Creating a collection, adding elements to it and querying over it.

## Configuring the database

### Creating a Collection

In [6]:
data = joblib.load("data.joblib")
data[0]

{'place': 'Grand Canyon',
 'state': 'Arizona',
 'description': 'A stunning canyon with vast vistas and incredible geology.',
 'best_season_to_visit': 'Spring, Fall',
 'attractions': 'South Rim, Havasu Falls, Skywalk',
 'budget': 'Moderate',
 'user_ratings': 4.8,
 'last_updated': '2023-10-01T00:00:00Z'}

In [7]:
len(data)

20

In [9]:
type(data[0])

dict

In [13]:
print_object_properties(data[0])

place: Grand Canyon
state: Arizona
description: A stunning canyon with vast vistas and incredible geology.
best_season_to_visit: Spring, Fall
attractions: South Rim, Havasu Falls, Skywalk
budget: Moderate
user_ratings: 4.8
last_updated: 2023-10-01T00:00:00Z



The dataset is a set of places to visit, with some properties describing each location. The properties here are `place, state, description, best_season_to_visit, attractions, budget, user_ratings, last_updated`. When creating a collection, we must create one property for each key in this dictionary and add the expected datatype. 

### Configuring the Vectorizer

Not every property must be vectorized, it depends on the data and the information we want to retrieve.

In this case, let's use the following properties to be vectorized:

`place, state, description, best_season_to_visit, attractions, budget`

These properties will be appended to each other and then vectorized.

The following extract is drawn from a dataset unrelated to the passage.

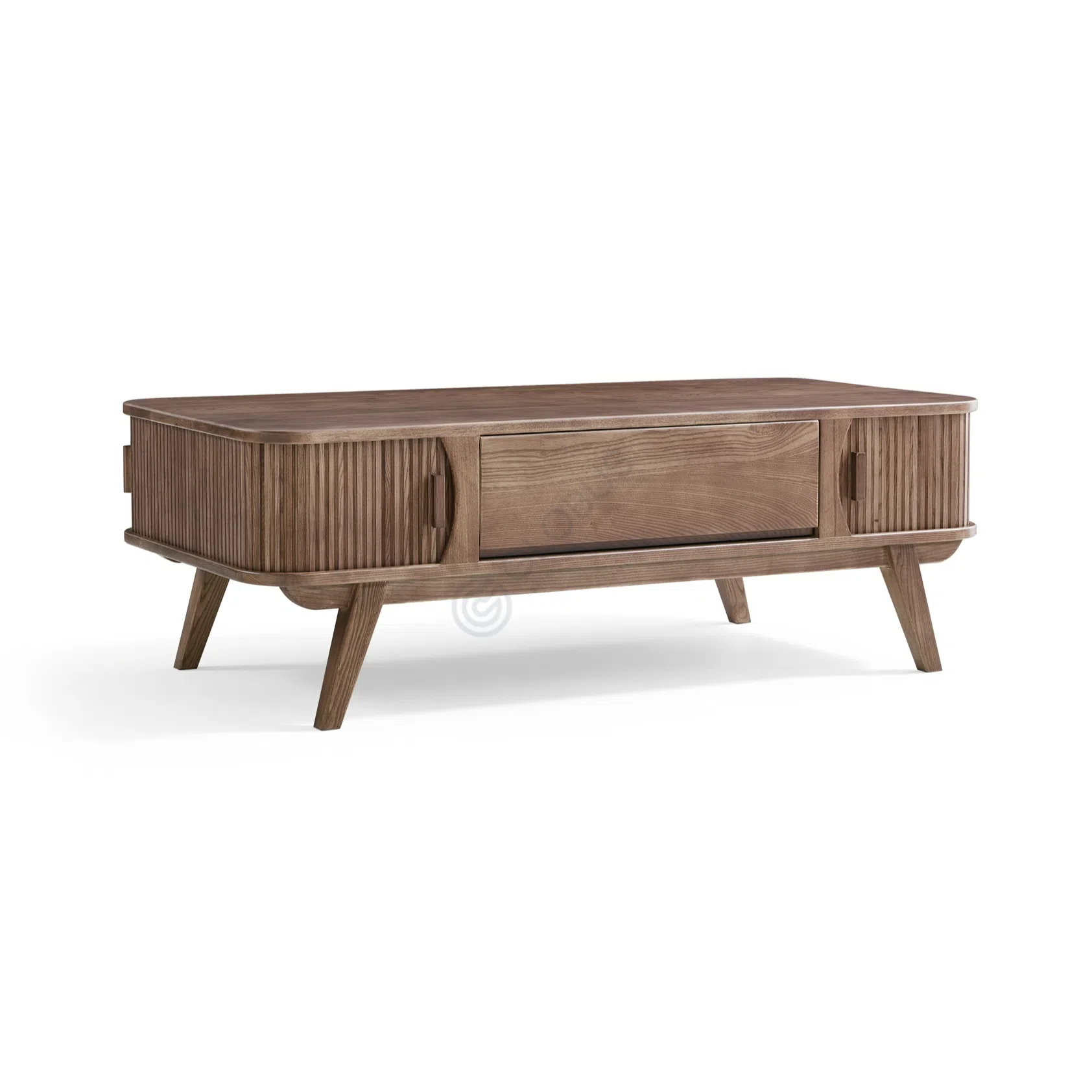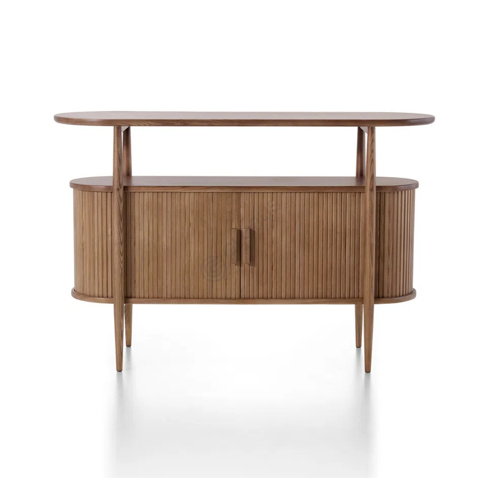 Дизайн фасада с вертикальными линиями добавляет воздушности и изящества, создавая приятную текстуру, которая идеально будет смотреться в любом современном или классическом интерьере. Ножки, выполненные в стилистике мебели середины прошлого века, подчеркивают эстетическую ценность телевизионного столика, делая его не просто местом для размещения техники, но и стильным элементом вашего дома.

When defining the property, we might choose to add the property name or not in the vectorization.

In [9]:
vectorizer_config = [Configure.NamedVectors.text2vec_transformers(
                name="vector", # This is the name we will need to access the vectors of the objects in our collection
                source_properties=['place', 'state', 'description', 'best_season_to_visit', 'attractions', 'budget'], # which properties should be used to generate a vector, they will be appended to each other when vectorizing
                vectorize_collection_name = False, # This tells the client to not vectorize the collection name. 
                                                   # If True, it will be appended at the beginning of the text to be vectorized
                inference_url="http://127.0.0.1:5000", # Since we are using an API based vectorizer, we need to pass the URL used to make the calls 
                                                       # This was setup in our Flask application
            )]

### The Properties

In a collection, the features of each data point are called Properties.

In [15]:
# Delete the collection in case it exists
if client.collections.exists("example_collection"):
    client.collections.delete("example_collection")

In [16]:
if not client.collections.exists('example_collection'): # Creates only if the collection does not exist
    collection = client.collections.create(
            name='example_collection',
            vectorizer_config=vectorizer_config, # The config we defined before,
            reranker_config=Configure.Reranker.transformers(), # The reranker config

            properties=[  # Define properties
            Property(name="place",vectorize_property_name=True,data_type= DataType.TEXT),
            Property(name="state",vectorize_property_name=True, data_type=DataType.TEXT),
            Property(name="description",vectorize_property_name=True, data_type=DataType.TEXT),
            Property(name="best_season_to_visit",vectorize_property_name=True, data_type=DataType.TEXT),
            Property(name="attractions",vectorize_property_name=True, data_type=DataType.TEXT),
            Property(name="budget",vectorize_property_name=True, data_type=DataType.TEXT),
            Property(name="user_ratings", data_type=DataType.NUMBER),
            Property(name="last_updated", data_type=DataType.DATE),

        ]
        )
else:
    collection = client.collections.get("example_collection")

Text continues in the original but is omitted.